This content originally appeared on DEV Community and was authored by DEV Community
Sometimes you want your synchronous function to run asynchronously. Perhaps you want to run multiple functions asynchronously using something like Promise.allSettled
or Promise.all
.
I have a number of setup functions that dont depend on each other in an application and I was curious how hard it would be to convert the setup functions to async functions without touching their internal code. (Some functions come from libraries)
The TLDR is that yes, I managed to do it.

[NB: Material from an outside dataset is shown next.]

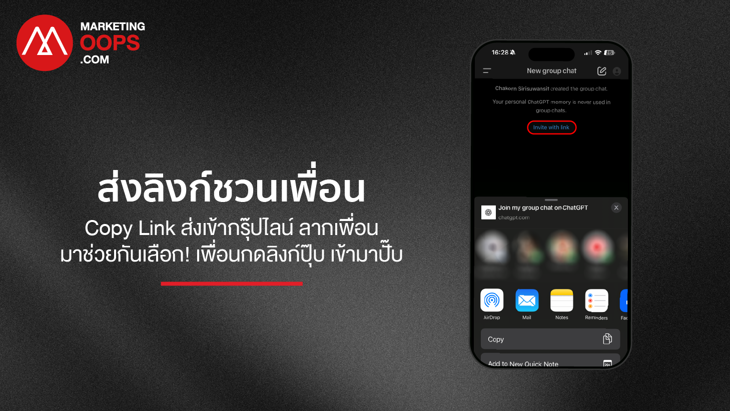- กด Copy Link แล้วส่งไปใน Line Group ของแก๊งเพื่อน

function asPromise (callback, ...args) {
return new Promise((resolve, reject) => {
try {
resolve(callback(...args))
} catch(e) {
reject(e)
}
})
}
Now for some examples:
function greet (greeting, name) { return "${greeting}, {name}" }
await asPromise(greet, "hi", "konnor")
// => "hi, konnor"
Now what if we pass an object?
function greet ({greeting, name}) { return "${greeting}, {name}" }
await asPromise(greet, {greeting: "hi", name: "konnor"})
// => "hi, konnor"
And finally, what about an array?
function greet (ary) {
return `${ary[0]}, ${ary[1]}`
}
await asPromise(greet, ["hi", "konnor"])
// => "hi, konnor"
Are there edge cases? Probably. Mostly around this
if your function calls rely on this
make sure to bind within the Promise like so:
await asPromise(myFunction.bind(myThis), "arg1")
And that's all for today! Short and sweet.